● **Assignment**: Scan the entries that follow and give only the number of lines containing "شهری".

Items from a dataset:
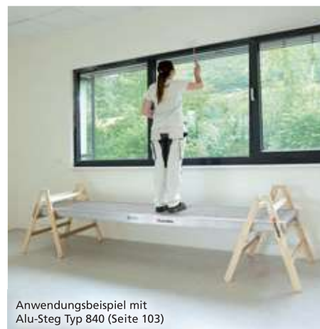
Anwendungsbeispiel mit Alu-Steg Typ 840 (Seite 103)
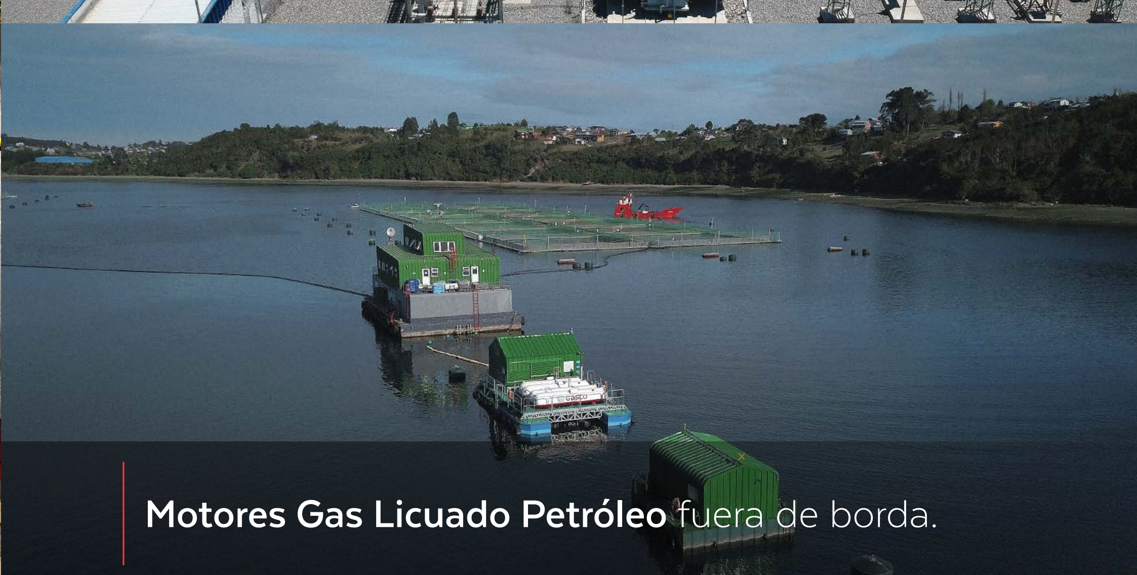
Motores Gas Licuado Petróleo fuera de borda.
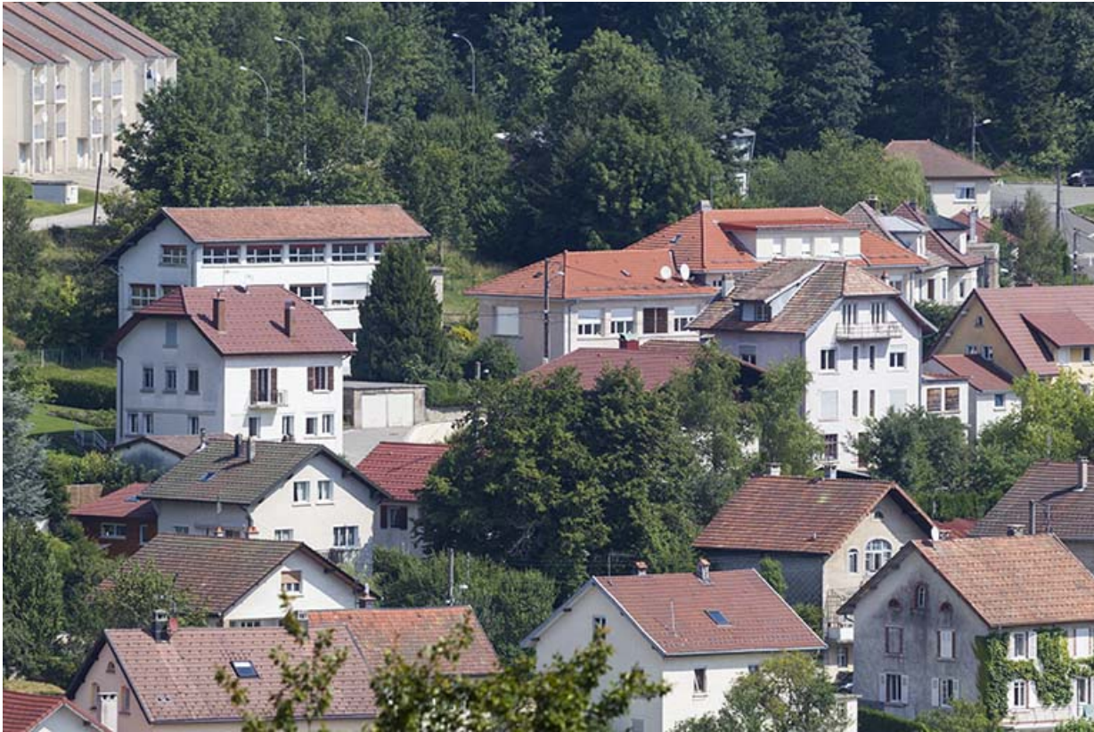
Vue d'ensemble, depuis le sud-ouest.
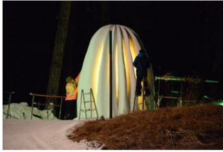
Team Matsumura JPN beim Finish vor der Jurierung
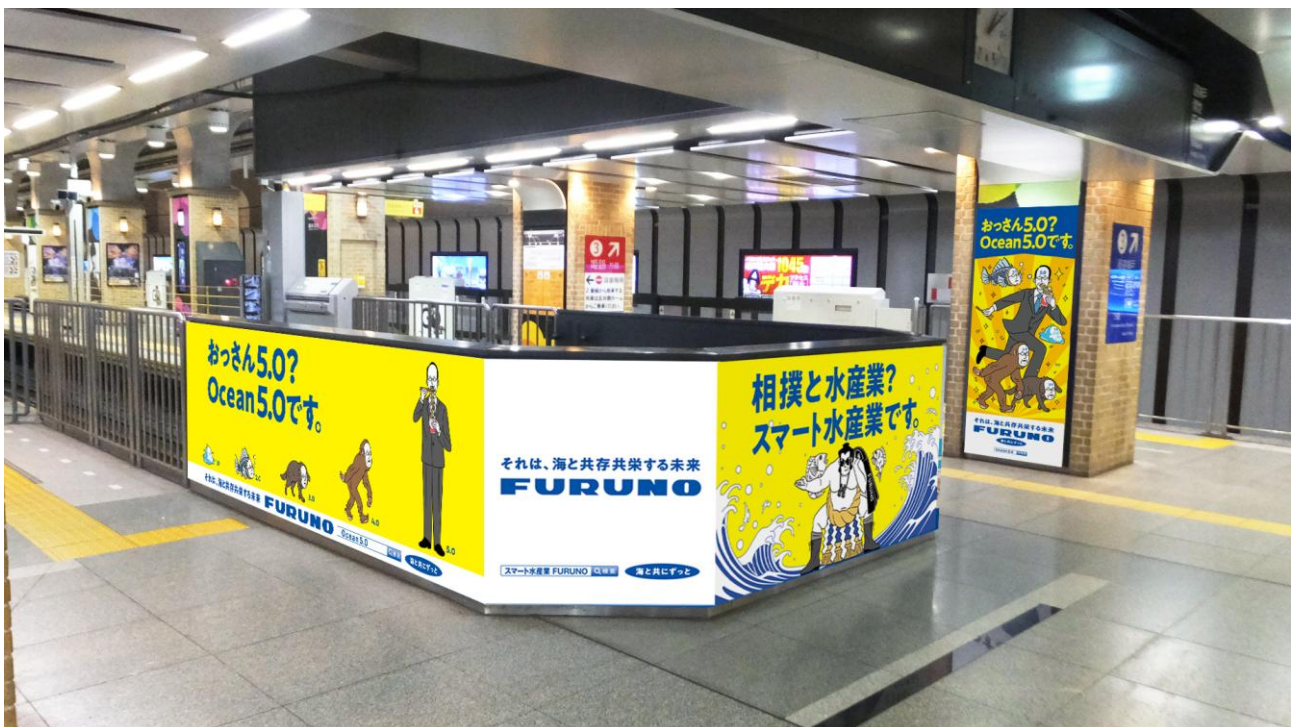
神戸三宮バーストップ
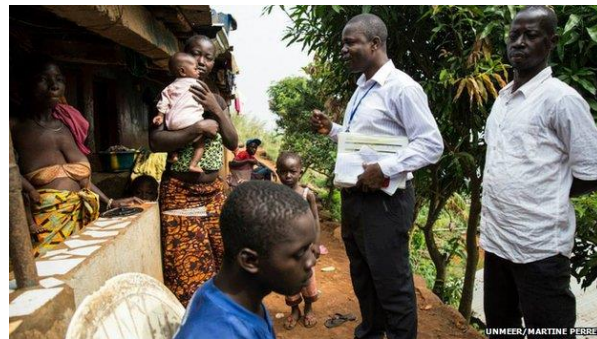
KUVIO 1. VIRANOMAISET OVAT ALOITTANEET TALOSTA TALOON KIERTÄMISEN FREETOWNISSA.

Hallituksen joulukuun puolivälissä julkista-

...

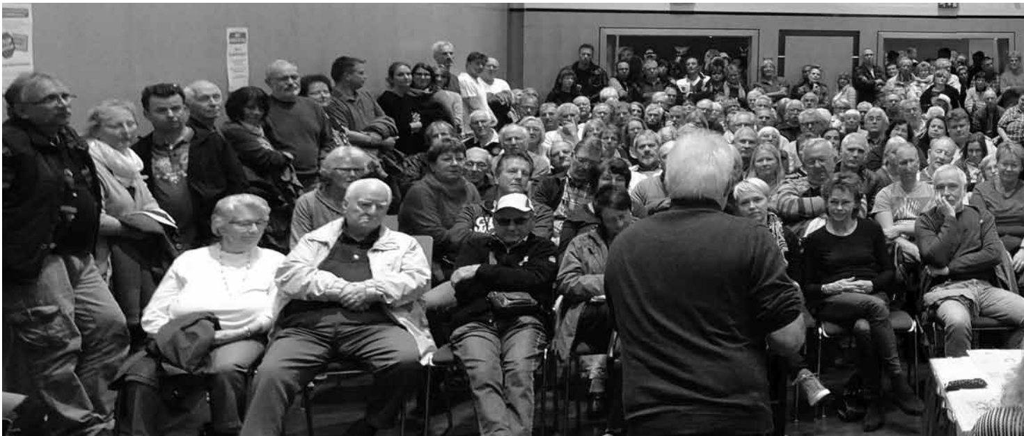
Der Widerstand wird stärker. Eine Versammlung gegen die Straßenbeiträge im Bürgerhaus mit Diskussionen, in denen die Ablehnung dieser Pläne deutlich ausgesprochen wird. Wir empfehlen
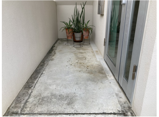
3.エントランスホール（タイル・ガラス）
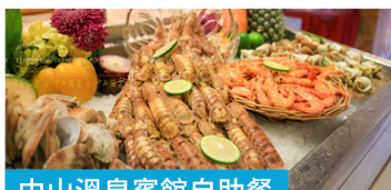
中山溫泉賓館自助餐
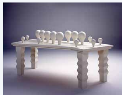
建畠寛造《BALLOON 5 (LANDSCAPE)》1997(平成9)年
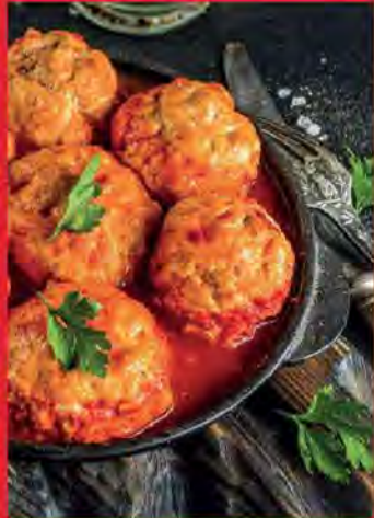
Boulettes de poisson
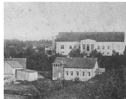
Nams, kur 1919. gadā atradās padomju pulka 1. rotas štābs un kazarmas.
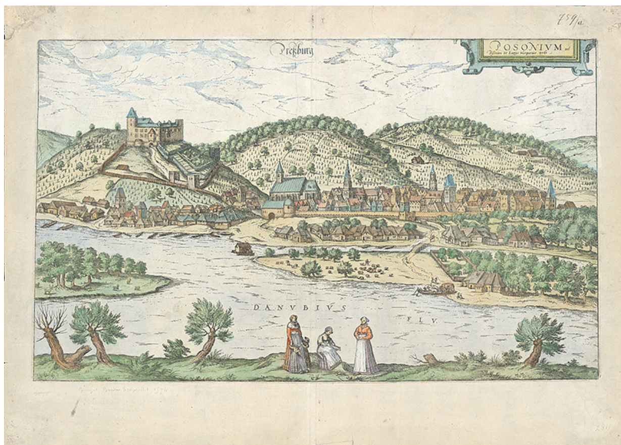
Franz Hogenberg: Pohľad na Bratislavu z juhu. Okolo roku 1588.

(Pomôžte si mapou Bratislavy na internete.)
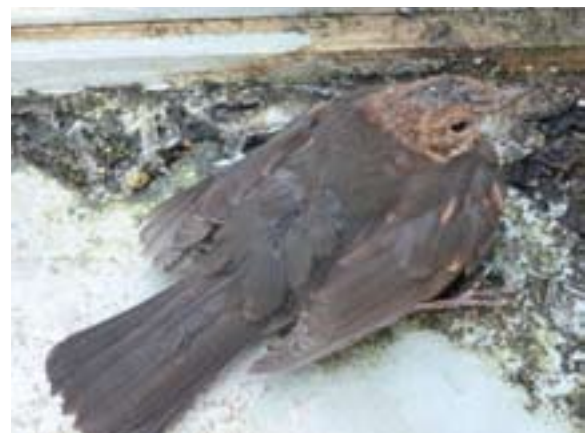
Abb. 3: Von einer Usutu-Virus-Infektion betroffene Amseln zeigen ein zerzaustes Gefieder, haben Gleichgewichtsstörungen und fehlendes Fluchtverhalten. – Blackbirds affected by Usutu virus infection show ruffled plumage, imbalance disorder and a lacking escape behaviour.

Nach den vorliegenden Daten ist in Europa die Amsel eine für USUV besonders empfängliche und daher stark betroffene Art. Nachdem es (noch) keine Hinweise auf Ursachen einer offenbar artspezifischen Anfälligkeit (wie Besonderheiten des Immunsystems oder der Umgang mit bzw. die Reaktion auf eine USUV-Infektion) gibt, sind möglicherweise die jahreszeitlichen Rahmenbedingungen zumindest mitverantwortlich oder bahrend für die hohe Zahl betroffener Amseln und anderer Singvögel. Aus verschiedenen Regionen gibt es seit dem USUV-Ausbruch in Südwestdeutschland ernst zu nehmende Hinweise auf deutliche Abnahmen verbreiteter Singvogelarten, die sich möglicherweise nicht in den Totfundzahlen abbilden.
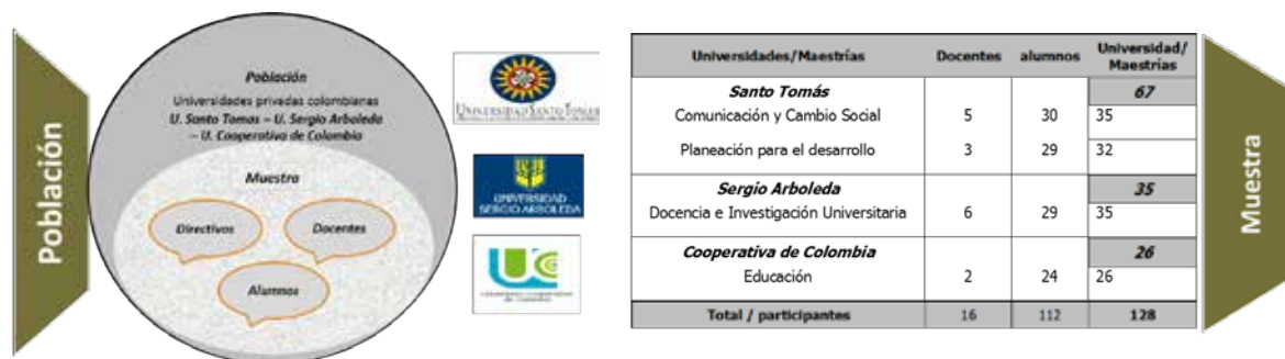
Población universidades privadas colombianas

* * *

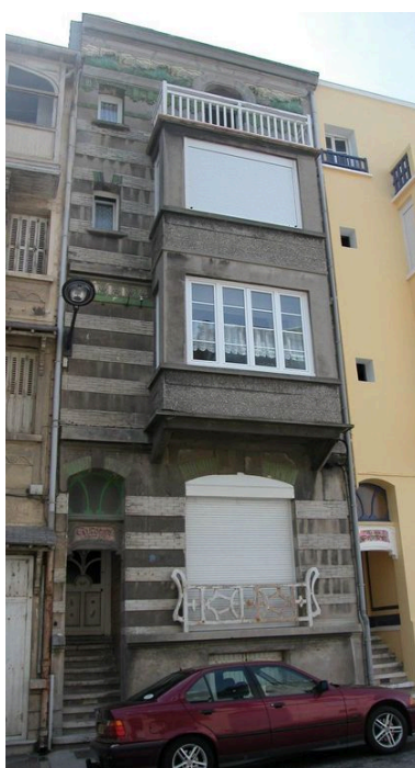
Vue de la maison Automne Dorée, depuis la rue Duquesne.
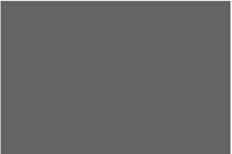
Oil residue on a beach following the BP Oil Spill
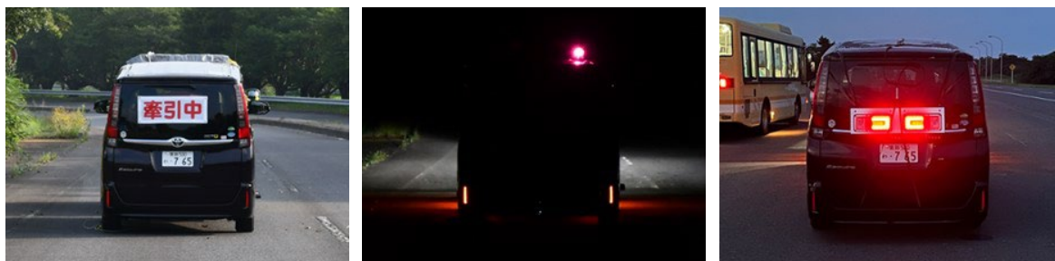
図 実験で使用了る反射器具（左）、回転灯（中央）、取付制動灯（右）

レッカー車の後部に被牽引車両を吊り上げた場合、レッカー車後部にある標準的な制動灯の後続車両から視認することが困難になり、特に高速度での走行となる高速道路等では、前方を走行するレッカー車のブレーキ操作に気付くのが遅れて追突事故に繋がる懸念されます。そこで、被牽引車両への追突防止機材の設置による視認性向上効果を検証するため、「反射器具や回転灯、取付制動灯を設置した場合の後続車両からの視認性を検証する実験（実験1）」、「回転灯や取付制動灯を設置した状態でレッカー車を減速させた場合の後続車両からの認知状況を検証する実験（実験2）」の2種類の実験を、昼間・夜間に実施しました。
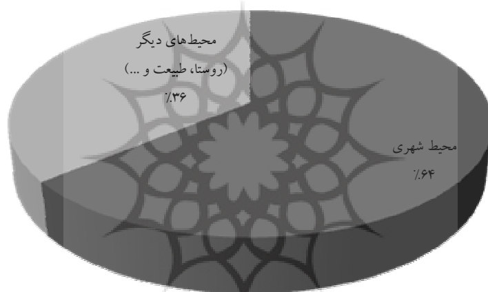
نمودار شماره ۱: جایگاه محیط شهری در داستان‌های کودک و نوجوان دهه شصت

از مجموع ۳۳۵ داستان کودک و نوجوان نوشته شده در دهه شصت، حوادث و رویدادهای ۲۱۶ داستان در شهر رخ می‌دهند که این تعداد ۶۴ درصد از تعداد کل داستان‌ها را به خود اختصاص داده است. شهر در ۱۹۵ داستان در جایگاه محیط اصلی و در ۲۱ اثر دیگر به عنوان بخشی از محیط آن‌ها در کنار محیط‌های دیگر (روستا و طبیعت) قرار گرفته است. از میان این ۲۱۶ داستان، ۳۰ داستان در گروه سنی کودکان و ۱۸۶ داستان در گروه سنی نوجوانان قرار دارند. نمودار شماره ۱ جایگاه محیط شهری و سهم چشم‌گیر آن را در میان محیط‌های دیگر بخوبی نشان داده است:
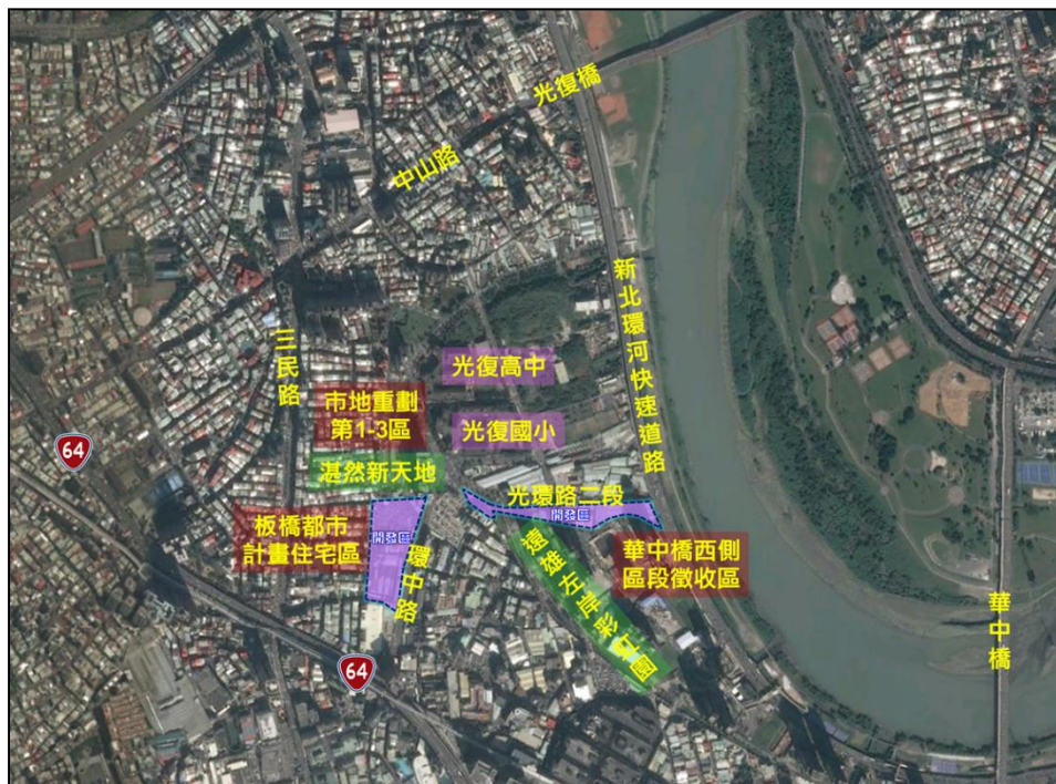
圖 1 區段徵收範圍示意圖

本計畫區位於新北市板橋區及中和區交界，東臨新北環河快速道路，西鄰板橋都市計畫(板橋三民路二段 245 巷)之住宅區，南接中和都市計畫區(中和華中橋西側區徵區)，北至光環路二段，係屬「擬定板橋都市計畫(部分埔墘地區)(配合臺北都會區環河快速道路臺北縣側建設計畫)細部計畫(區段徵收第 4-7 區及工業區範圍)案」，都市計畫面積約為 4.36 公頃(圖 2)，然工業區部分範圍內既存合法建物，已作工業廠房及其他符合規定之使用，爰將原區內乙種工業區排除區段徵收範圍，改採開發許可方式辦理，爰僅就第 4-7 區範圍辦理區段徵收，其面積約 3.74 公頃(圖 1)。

● **Response**: 2